_Records for the exercise_.
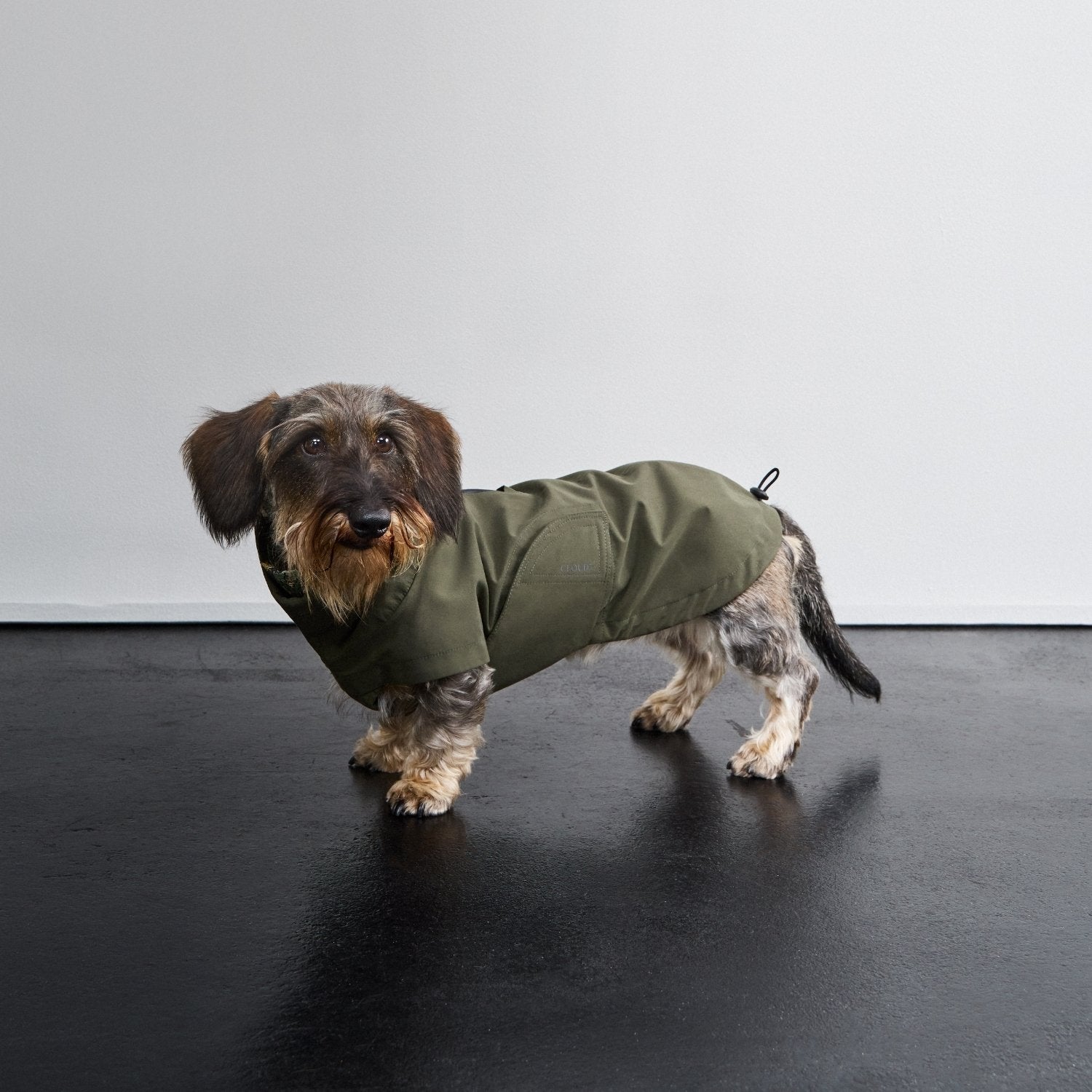 Speziell für Dackel. Samtig weicher, wasserdichter Regenmantel für Dackel in Dark Olive, hergestellt mit hohem Anteil recycelter Materialien.
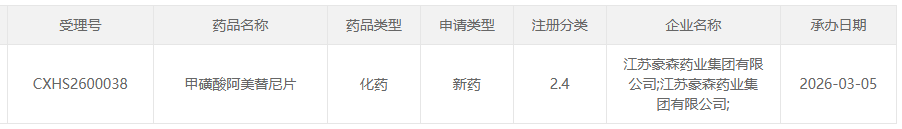 3月5日,根据国家药监局药审中心(CDE)官网公示,江苏豪森 的 甲磺酸阿美替尼片 上市申请获得受理。上周(2月27日),翰森制药的新药 达麦利替尼 的上市申请也获得受理。
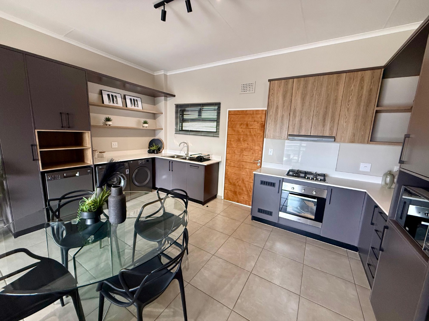 • Modern kitchen with stylish cupboards, gas stove, electric oven & hob
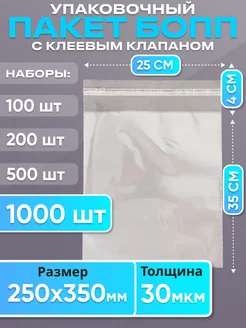 Упаковочные БОПП пакеты с клеевым клапаном 25х35 см, 1000 шт
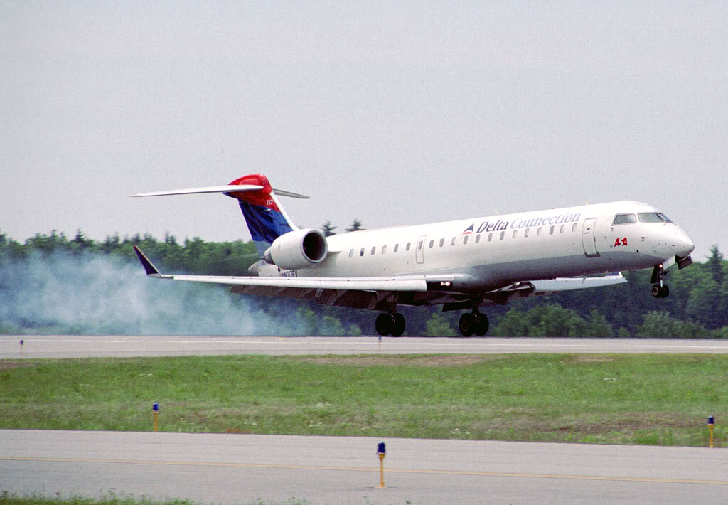 Delta Bombardier CL600-2C10 N717EV smokes it up upon touchdown

_Exercise description_. Output the material verbatim, skipping the images.

_The completed task_.
 Speziell für Dackel. Samtig weicher, wasserdichter Regenmantel für Dackel in Dark Olive, hergestellt mit hohem Anteil recycelter Materialien.
 3月5日,根据国家药监局药审中心(CDE)官网公示,江苏豪森 的 甲磺酸阿美替尼片 上市申请获得受理。上周(2月27日),翰森制药的新药 达麦利替尼 的上市申请也获得受理。
 • Modern kitchen with stylish cupboards, gas stove, electric oven & hob
 Упаковочные БОПП пакеты с клеевым клапаном 25х35 см, 1000 шт
 Delta Bombardier CL600-2C10 N717EV smokes it up upon touchdown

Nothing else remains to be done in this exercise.